### WORK REQUEST
Using the entries below, copy exactly each line from the line with "We had to make" up to and including the line with "In continuare vom", with every picture left out.

════════════════════

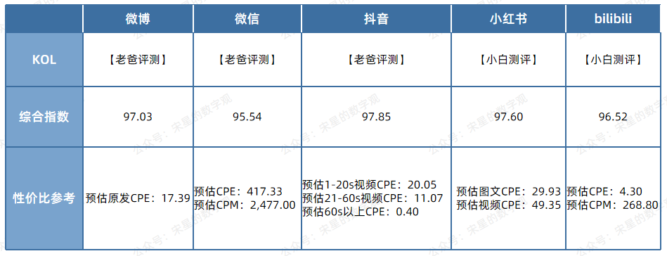 我们以一个测评科普类博主的实例来看,如果想要在不同平台上挑选最合适的测评类博主,该如何衡量?
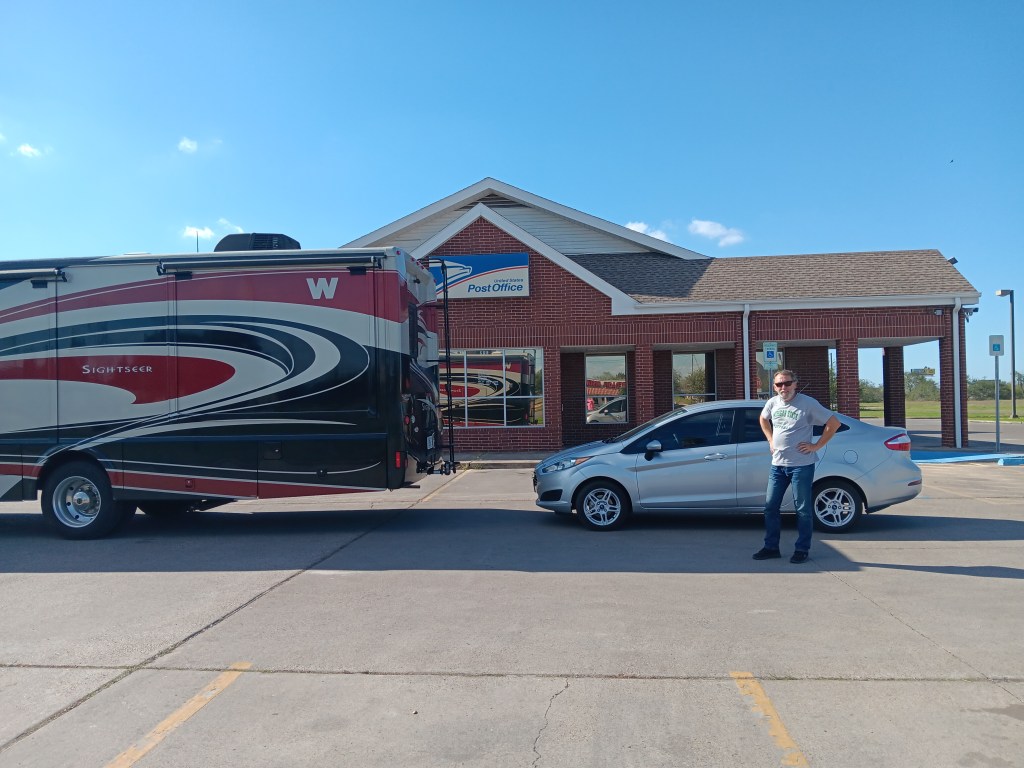 We had to make sure we didn’t arrive too early at our Donna campground, so we paid a call to the local Post Office (which had a nice empty parking lot!)
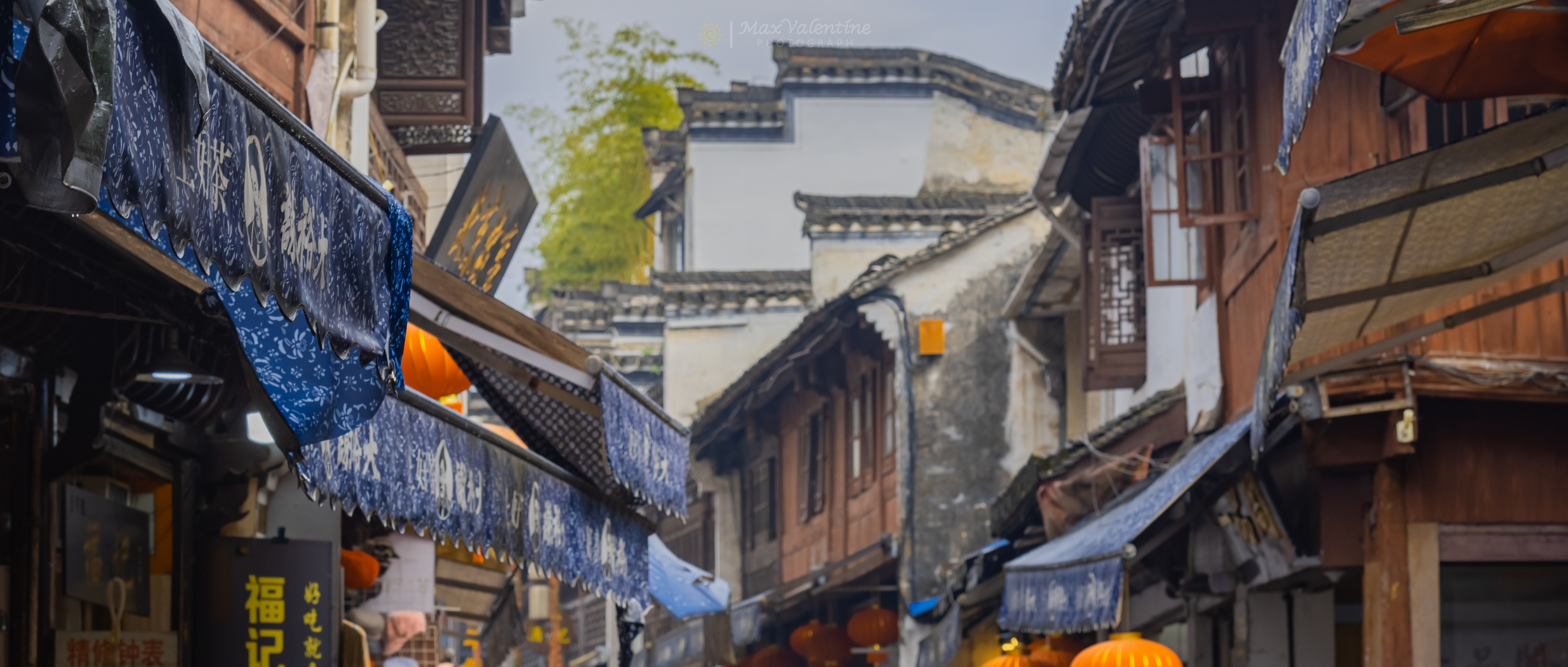 老街最吸引人的就是保留南宋来的300间徽派建筑,颜色淡雅,青石板铺路,门楣上是徽派的木雕,屋脊上是灵动的山墙。站在古街上,两侧的山墙就是手臂环绕了。
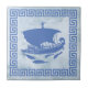 Classic Greek key design with Greek sail ship and playful dolphins. Blue, textured.
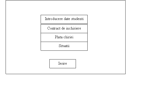 In continuare vom prezenta modul de alcatuire a meniurilor si submeniuri si intrefata cu utilizatorul:
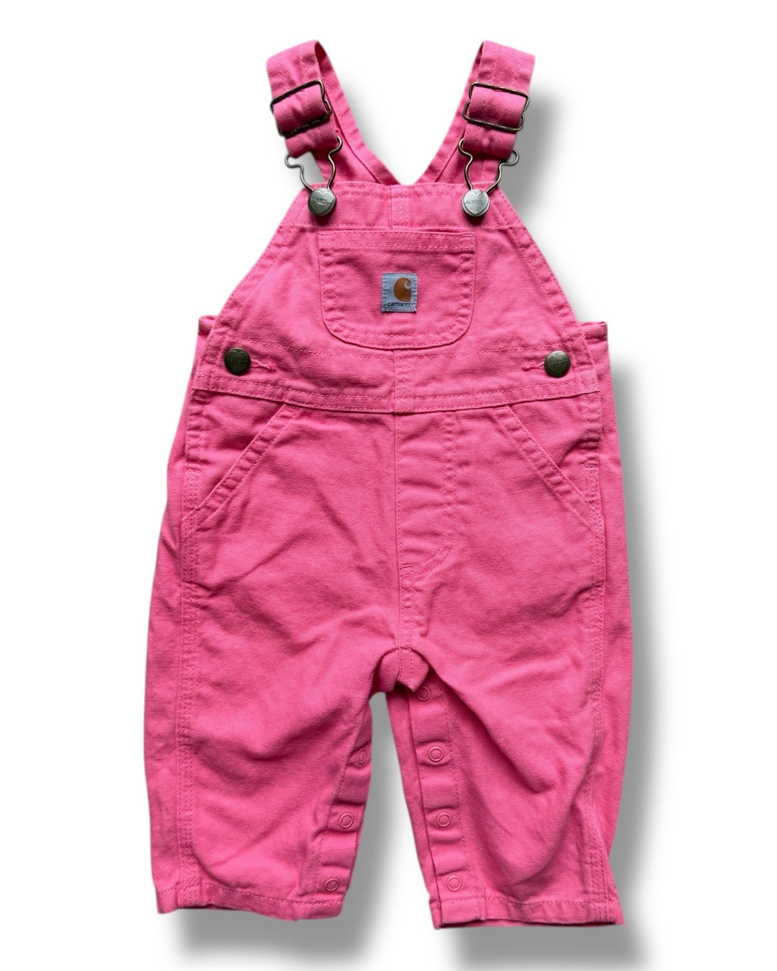 Give your little one that rugged, ready-for-anything vibe with these Carhartt baby dungarees in bright pink. Built tough like the real deal, they're made to withstand all the crawling, climbing, and chaos that comes with being a mini adventurer. The roomy pockets are perfect for stashing treasures, while adjustable straps grow with your baby for extended wear. Quick-access poppers make nappy changes a breeze, and the timeless design means they'll look cool no matter what you pair them with. Vintage-condition perfection for the littlest member of your crew. Size 3 months.
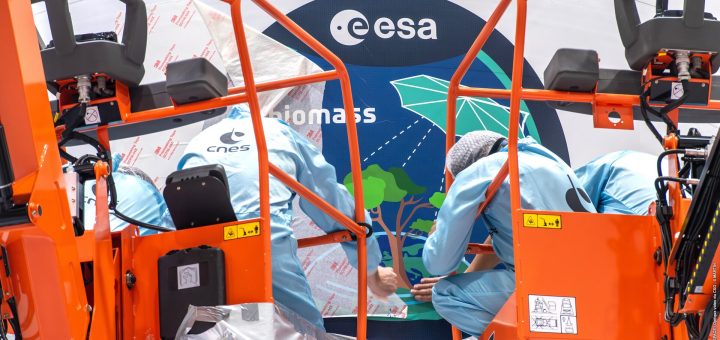 In questa immagine i tecnici stanno applicando l'adesivo della missione Biomass sulla carenatura del vettore. Credits: ESA-CNES-ARIANESPACE/Optique vidéo du CSG–S. Martin

════════════════════

### FINISHED EXERCISE
 We had to make sure we didn’t arrive too early at our Donna campground, so we paid a call to the local Post Office (which had a nice empty parking lot!)
 老街最吸引人的就是保留南宋来的300间徽派建筑,颜色淡雅,青石板铺路,门楣上是徽派的木雕,屋脊上是灵动的山墙。站在古街上,两侧的山墙就是手臂环绕了。
 Classic Greek key design with Greek sail ship and playful dolphins. Blue, textured.
 In continuare vom prezenta modul de alcatuire a meniurilor si submeniuri si intrefata cu utilizatorul:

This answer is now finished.